Lisa Lyon, a financial advisor with Roseville, Minn.-based Ehlers & Associates, told the committee that without redevelopment the area would generate $8.7 million, not enough to repay costs of building a 500- to 600-car garage as the committee has planned. The dollar figures are not adjusted for inflation.

The superblock area resides in the village’s Downtown TIF District. Tax Increment Finance Districts draw a line on property tax receipts created by properties within the district when the TIF is created, freeing any additional tax revenue–referred to as increment–to fund infrastructure improvements, developer incentives, or other specific costs.

Lyon said roughly 60 percent–about $10 million–of the projected revenue could be obtained near the beginning of the three-phase plan through bonds, which would be repaid with increment created by more valuable buildings paying higher tax bills.

Lyon will tweak her calculations based on a final draft of the committee’s recommended redevelopment plan which it finalized last night at what was likely its last meeting. The ad hoc committee, comprising mostly chairpeople of village commissions, was charged with recommending a plan on the “superblock” to the village board, including how to proceed with a purchase agreement on the Colt Building.

When she presents her final report to the village board, it will contain information on how close the plan comes to the target ratio of 1-to-7 public-to-private funds identified in the Greater Downtown Master Plan. Trustee Ray Johnson, an ex-officio member of the committee, asked for the information.
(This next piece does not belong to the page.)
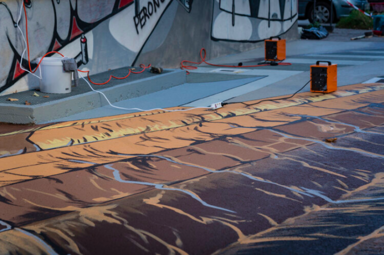 »Ko 3D umetniki delamo poslikave na tleh, večinoma s sliko ustvarjamo iluzije pod površino zemlje oziroma asfalta. Moja poslikava bo prikazovala luknjo s starimi stopnicami. Čeprav se na sliki ne bo videlo, sem v mislih imel vaše stare vinske kleti, po katerih je Maribor znan. Drugi del zgodbe, za naslednje leto, predvideva drevesa na fasadi in spalne kabine, kot povezovalni člen s Hostlom in okolico, ki vas obkroža, čudoviti park in vašo soseščino, ki se sama od sebe nudi kot inspiracija,« pravi 3D Filip.

The committee finished its discussions on what to recommend to the Oak Park village board at Oct. 20 and Oct. 27 sessions, much of which will not depart greatly from its major decisions arrived at last week: to sacrifice the Colt Building in favor of saving other historic buildings, creating a new north-south road connecting Lake Street and North Boulevard, and opening Marion Street to vehicular traffic.

Its presentation will come in three forms–a map roughly showing which properties would preferably be kept and which are up for redevelopment, a memorandum providing context for the committee’s decisions and highlighting the complexity of certain issues, and in-person feedback at the meetings.